- **Task details**
Your job is to give again, exactly and with no additions, the lines in the records below from the one with "下午三點我們準時抵達了樹屋,正式名稱則是Rabeang Palak Treehouse" through the one with "Os rumores sobre", both included. Omit the pictures.

- **Data to process**
------------------------------

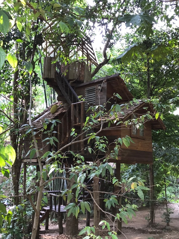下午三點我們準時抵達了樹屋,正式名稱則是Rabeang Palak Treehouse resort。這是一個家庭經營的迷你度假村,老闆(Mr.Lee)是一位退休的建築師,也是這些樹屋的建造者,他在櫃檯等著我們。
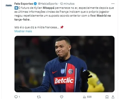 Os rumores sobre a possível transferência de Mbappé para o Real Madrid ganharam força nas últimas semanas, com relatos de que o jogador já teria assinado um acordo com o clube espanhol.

------------------------------

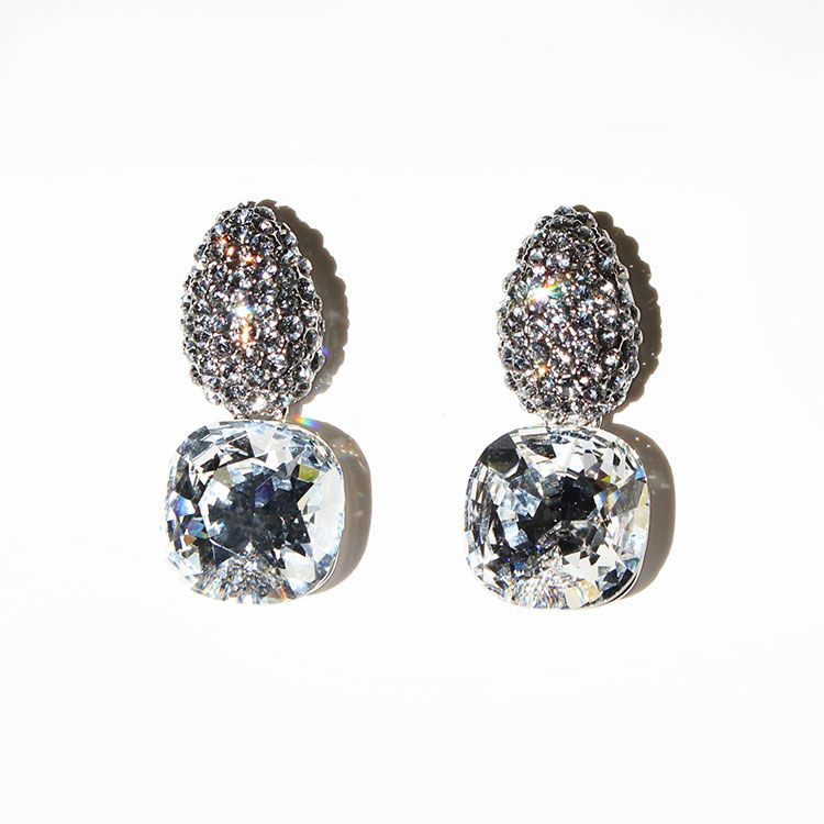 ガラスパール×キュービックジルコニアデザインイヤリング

------------------------------

- **Task solution**
下午三點我們準時抵達了樹屋,正式名稱則是Rabeang Palak Treehouse resort。這是一個家庭經營的迷你度假村,老闆(Mr.Lee)是一位退休的建築師,也是這些樹屋的建造者,他在櫃檯等著我們。
 Os rumores sobre a possível transferência de Mbappé para o Real Madrid ganharam força nas últimas semanas, com relatos de que o jogador já teria assinado um acordo com o clube espanhol.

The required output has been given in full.